New method provides automated calculation of surface properties in crystals

Computer-based methods are becoming an increasingly powerful tool in the search for new materials for key technologies such as photovoltaics, batteries, and data transmission. Prof. Dr. Caterina Cocchi and Holger-Dietrich Saßnick from the University of Oldenburg in Germany have now developed a high-throughput automatized method to calculate the surface properties of crystalline materials starting directly at the level of established laws of physics (first principles).

In an article published in the journal npj Computational Materials, they report that this can speed up the search for relevant materials for applications in key areas such as the energy sector. They also plan to combine the method with artificial intelligence and machine learning techniques to accelerate the process further.

So far, similar methods have focused on bulk materials rather than surfaces, the two physicists explain. “All the relevant processes for energy conversion, production, and storage occur on surfaces,” says Cocchi, who heads the Theoretical Solid State Physics research group at the University of Oldenburg.

However, calculating the material properties of surfaces is far more challenging than for complete crystals because the surface facets often have a complex structure due to factors such as defects in the crystal structure or the uneven growth of a crystal, she explains.
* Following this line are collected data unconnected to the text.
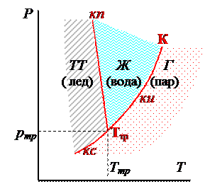 Все три кривые сходятся в тройной точке Т тр, в которой могут существовать все три фазы: твердая, жидкая и газообразная. Значение температуры тройной точки: Ттр =0, 01º С. Выше критической точки К происходит слияние жидкой и газообразной фазы. Согласно уравнения Клапейрона-Клаузиуса, производная от равновесного давления по температуре равна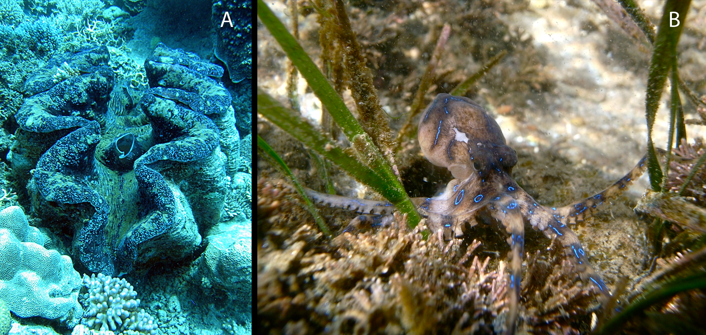 Figure 12. Possible real-life inspirations for Clambo and Croctopus, respectively. A. A live specimen of Tridacna (public domain image). B. A blue-ringed octopus, Hapalochlaena maculosa (photo by Sylke Rohrlach, extracted and modified from Wikimedia Commons).
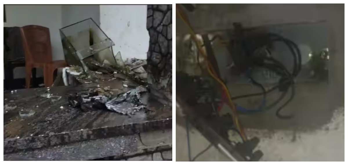 സിറ്റൗട്ടിൽ ഇരിക്കുകയായിരുന്ന സദാനന്ദനും സുഹൃത്തും എഴുന്നേറ്റ ഉടനെയാണ് വീട്ടിലെ തൂണിന് താഴെയായി മിന്നലേറ്റത്. തൂണിൻ്റെ അടിഭാഗത്തെ ടൈലുകൾ ചിതറിത്തെറിച്ചു. വയറിങ് പൂർണ്ണമായും കത്തി നശിച്ചു. വീട്ടിലെ അക്വോറിയം പൊട്ടിത്തെറിക്കുകയും ചെയ്തു. ഇടിമിന്നലിനെ തുടർന്ന് നാരായണൻ്റെ വീടിന്റെ ജനൽ പാളികൾ പൊട്ടിത്തകർന്നു. വീടിന്റെ ചുമരിൽ വിള്ളലേറ്റിട്ടുണ്ട്. വൈദ്യുതി ഉപകരണവും വയറിങ്ങും നശിച്ചുപോവുകയും ചെയ്തു.

This complexity poses problems for researchers in the field of materials science: “It is often not possible to clearly determine the properties of samples in experiments,” says Cocchi. This motivated Cocchi and her colleague Saßnick to develop an automated procedure for high-quality screening of the characteristics of new compounds.

Reliable results

The result of their work was incorporated into the aim2dat computer program, which only requires the chemical composition of a compound as input. The information about the crystal’s structure is extracted from existing databases. The software then calculates the conditions under which the surface of the material is chemically stable.

In the second step, it determines key properties, in particular, the energy required to excite electrons into conduction states or detach themselves from a surface. This parameter plays an important role in materials that convert solar energy into electricity, for example. “We don’t make any assumptions in our calculations; we use only the fundamental equations of quantum mechanics, which is why our results are very reliable,” Cocchi explains.

The two scientists demonstrated the applicability of the method using the semiconductor cesium telluride. The crystals of this material, which are used as an electron source in particle accelerators, can occur in four different forms. “The composition and quality of the material samples are difficult to control in experiments,” notes Saßnick. Nevertheless, the Oldenburg researchers were able to perform a detailed analysis of the physical properties of the different configurations of the cesium telluride crystals.

Cocchi and Saßnick have embedded the software in a publicly accessible program library so that other researchers can also use and improve the procedure. “Our method has great potential as a tool for discovering new materials—and in particular physically and structurally complex solids—for all kinds of applications in the energy sector,” says Cocchi.